Blood Coagulation

The blood coagulation cascade promotes the formation of a Fibrin clot. Following damage of a blood vessel, the extrinsic pathway of coagulation (blue arrows) is initiated by Coagulation Factor III/Tissue Factor (TF) which forms a complex with Coagulation Factor VIIa and phospholipid, in the presence of Ca2+ , to activate Coagulation Factor Xa and rapidly generate Thrombin (IIa). Thrombin cleaves Fibrinogen to produce Fibrin which polymerizes in the presence of Coagulation Factor XIIIa to form a Fibrin clot. The slower, intrinsic pathway of coagulation (green arrows) provides an alternate mechanism for activation of Coagulation Factor Xa. It is initiated by Coagulation Factor XII, Plasma Kallikrein, and high molecular weight Kininogen binding to damaged subendothelial tissue.

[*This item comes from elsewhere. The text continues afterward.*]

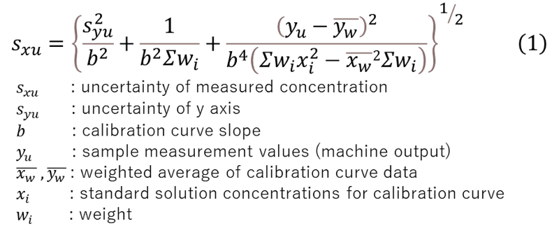 To improve accuracy, we add the internal standard directly to the digestion vessel after microwave digestion and maintains a fixed dilution regardless of concentration. A wide-range calibration curve is advantageous because environmental compliance samples are unknown. Performing evaluation in a single measurement using a wide-range calibration curve also reduces tools and workload. To satisfy these requirements, we use a relatively wide-range calibration curve that enables quantification from 1 ppb to 40 ppb. In instrumental analysis, measurement variation generally increases at lower concentrations; therefore, using a wide-range calibration curve reduces quantification accuracy at the low-concentration region. To ensure accuracy across the entire quantification range, we examined applying the weighted least-squares method. ISO/IEC 17025 requires calculation of uncertainty as a requirement. Because few publications discuss weighted uncertainty, we calculated it using Eq. (1) with reference to reports by Shikakume et al.2)3).

This results in the cleavage and activation of Coagulation Factor XIIa, which activates Coagulation Factor XIa. This factor then cleaves and activates Coagulation Factor IXa. Coagulation Factor IXa, along with Coagulation Factor VIIIa, activates Coagulation Factor Xa. Events downstream of the activation of Factor Xa are common to both the intrinsic and extrinsic pathways of coagulation (orange arrows). Activated Factor Xa cleaves Prothrombin to generate active Thrombin (IIa) which can then cleave Fibrinogen to produce Fibrin monomers. These monomers are cross-linked by Factor XIIIa to form a Fibrin clot.